## [TRY IT]
The material below is to be copied exactly from the line with "Crafted by Mindful" up to and including the line with "NVIDIAはまた、後続GP", with nothing else kept and no pictures.

SUPPLIED INFORMATION Start Marker

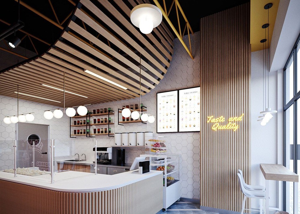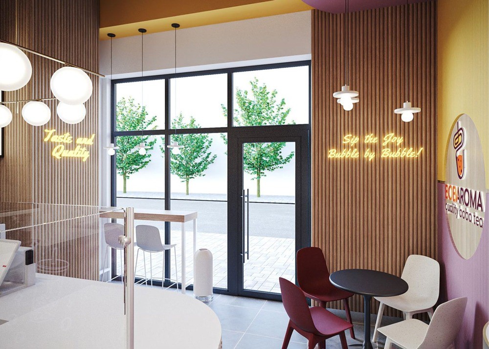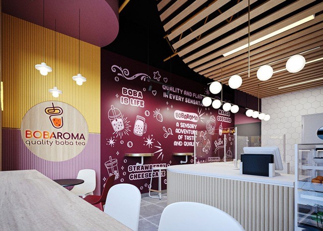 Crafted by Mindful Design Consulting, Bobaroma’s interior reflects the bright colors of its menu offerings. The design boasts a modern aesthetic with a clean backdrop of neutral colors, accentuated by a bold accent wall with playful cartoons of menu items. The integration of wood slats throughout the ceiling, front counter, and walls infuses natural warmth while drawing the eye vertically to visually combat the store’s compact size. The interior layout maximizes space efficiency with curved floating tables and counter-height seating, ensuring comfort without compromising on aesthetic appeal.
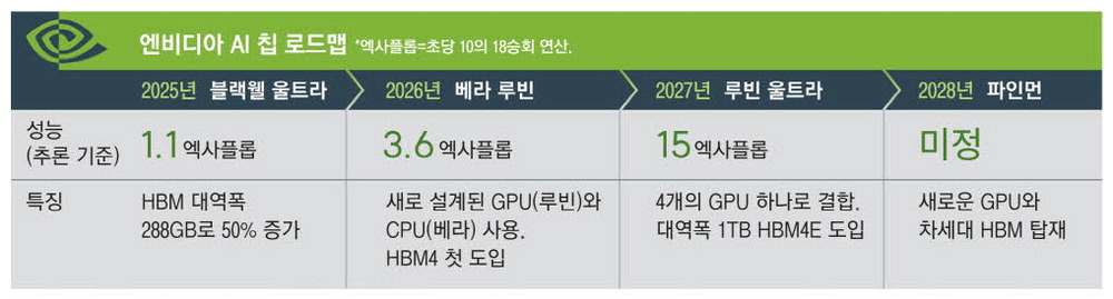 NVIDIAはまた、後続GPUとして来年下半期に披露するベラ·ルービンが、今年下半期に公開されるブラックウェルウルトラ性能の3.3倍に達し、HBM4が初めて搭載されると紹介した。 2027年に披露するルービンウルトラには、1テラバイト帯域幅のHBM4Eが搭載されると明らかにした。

SUPPLIED INFORMATION End Marker
SUPPLIED INFORMATION Start Marker

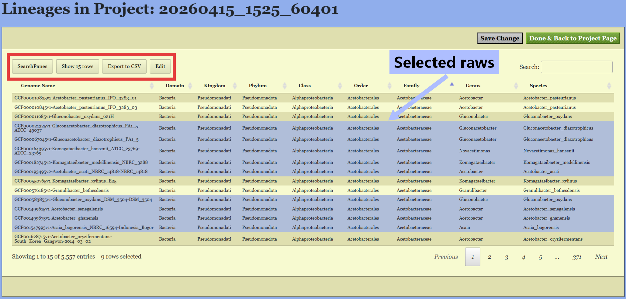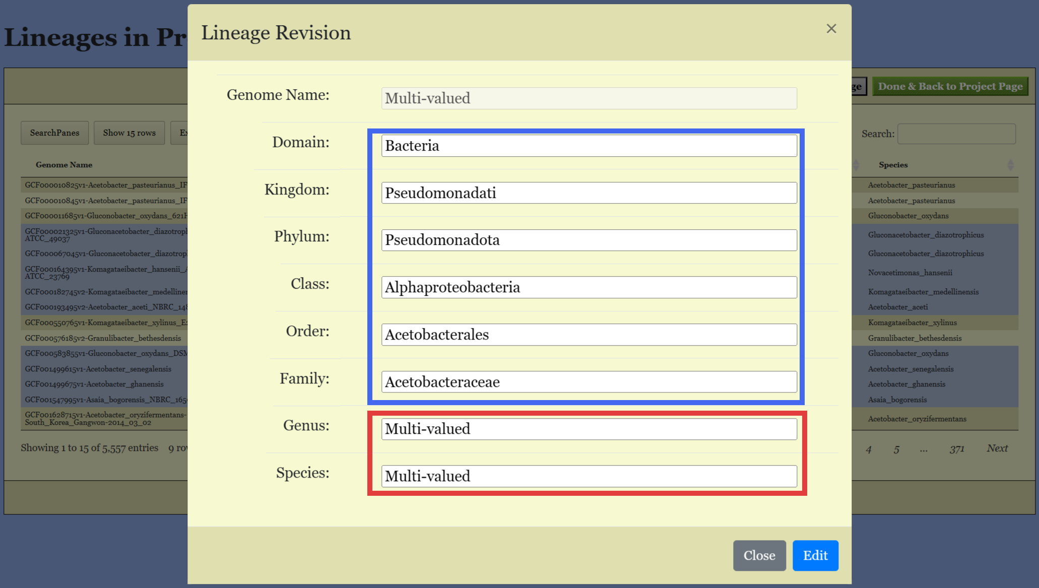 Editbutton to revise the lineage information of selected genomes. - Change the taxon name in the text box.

SUPPLIED INFORMATION End Marker

## [WRITTEN SOLUTION]
 Crafted by Mindful Design Consulting, Bobaroma’s interior reflects the bright colors of its menu offerings. The design boasts a modern aesthetic with a clean backdrop of neutral colors, accentuated by a bold accent wall with playful cartoons of menu items. The integration of wood slats throughout the ceiling, front counter, and walls infuses natural warmth while drawing the eye vertically to visually combat the store’s compact size. The interior layout maximizes space efficiency with curved floating tables and counter-height seating, ensuring comfort without compromising on aesthetic appeal.
 NVIDIAはまた、後続GPUとして来年下半期に披露するベラ·ルービンが、今年下半期に公開されるブラックウェルウルトラ性能の3.3倍に達し、HBM4が初めて搭載されると紹介した。 2027年に披露するルービンウルトラには、1テラバイト帯域幅のHBM4Eが搭載されると明らかにした。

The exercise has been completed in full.